ES 7.12 - Different analyzers are getting used for indexing and searching

Hello, I have an interesting issue to report for ES 7.12. For one of the dynamically indexed field the analyzer used for indexing is "ngram" but for searching its "standard". I am not sure if this is a bug or an intended change. This started happening since ES 7.10.

Below I am showing a simple mapping with one field and different analyzers.
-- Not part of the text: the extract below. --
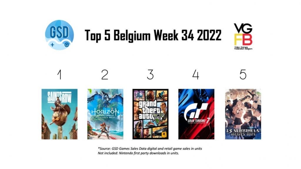 De top 5 van alleen België is ietsje anders. Op nummer 1 staat ook hier de reboot van Saints Row. GTA V en Horizon II: Forbidden West zijn hier van plek gewisseld. Op nummer 4 staat Gran Turismo 7 en op op 5 staat de JRPG 13 Sentinels: Aegis Rim.

Below steps performed on 7.9 and 7.12 have different results. 7.9 gives a hit while 7.12 doesn't, reason being
use of standard analyzer while searching.
Steps to reproduce:

  1. Create an Index with mapping.
     PUT - http://localhost:9200/{indexname}
    {

        "mappings": {

                "properties": {

                  "category": {

                        "properties": {

                            "id": {

                                "type": "long"

                            },

                            "name": {

                                "type": "keyword",

                                "normalizer": "lowercase_normalizer",

                                "fields": {

                                    "analyzed": {

                                        "type": "text",

                                        "analyzer": "content_asset_engram_analyzer"
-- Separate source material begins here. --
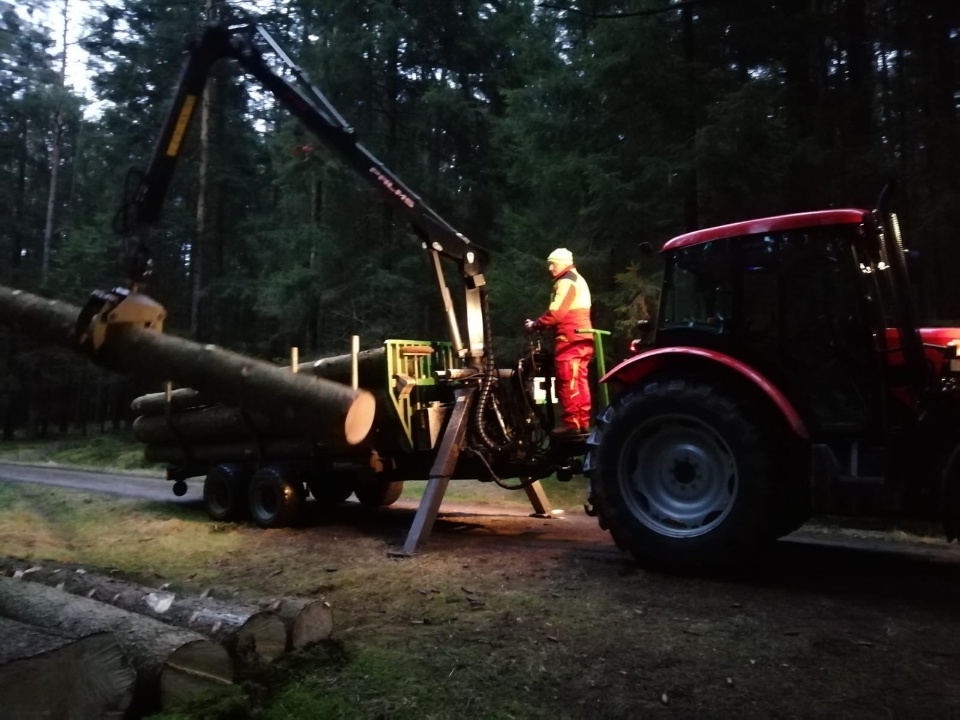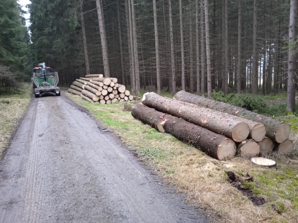 Ich poltere immer ungefähr 30 FM Fichte/Kiefer frisch für eine Fuhre. Bis dato haben die Holzkutscher das immer mitgenommen, denke wenn ich so grob kalkuliere 30x0,8 to + Fahrzeug dürfte er noch an der Grenze des legalen sein, natürlich je nach Fahrzeug.

                                    }

                                }

                            },

                            "parentId": {

                                "type": "long"

                            }

                        }

            }

            }

            },

            "settings": {

                "index": {

                    "max_ngram_diff": "3",

                    "refresh_interval": "30s",

                    "number_of_shards": "1",

                    "analysis": {

                        "normalizer": {

                            "lowercase_normalizer": {

                                "filter": [ "lowercase" ],

                                "type": "custom"
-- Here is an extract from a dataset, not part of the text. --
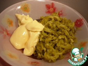 Трем на крупной терке огурчики, немного отжимаем и перемешиваем с майонезом.

                            }

                        },

                        "analyzer": {

                            "default_search": {

                                "filter": [ "lowercase" ],

                                "type": "custom",

                                "tokenizer": "standard"

                            },

                            "content_asset_html_strip": {

                                "filter": [ "lowercase" ],

                                "type": "custom",

                                "char_filter": [ "html_strip" ],

                                "tokenizer": "content_asset_engram_tokenizer"

                            },

                            "content_asset_engram_analyzer": {

                                "filter": [ "lowercase" ],

                                "type": "custom",

                                "tokenizer": "content_asset_engram_tokenizer"

                            }

                        },

                        "tokenizer": {

                            "content_asset_engram_tokenizer": {

                                "token_chars": [ "letter", "digit" ],

                                "min_gram": "3",

                                "type": "ngram",

                                "max_gram": "6"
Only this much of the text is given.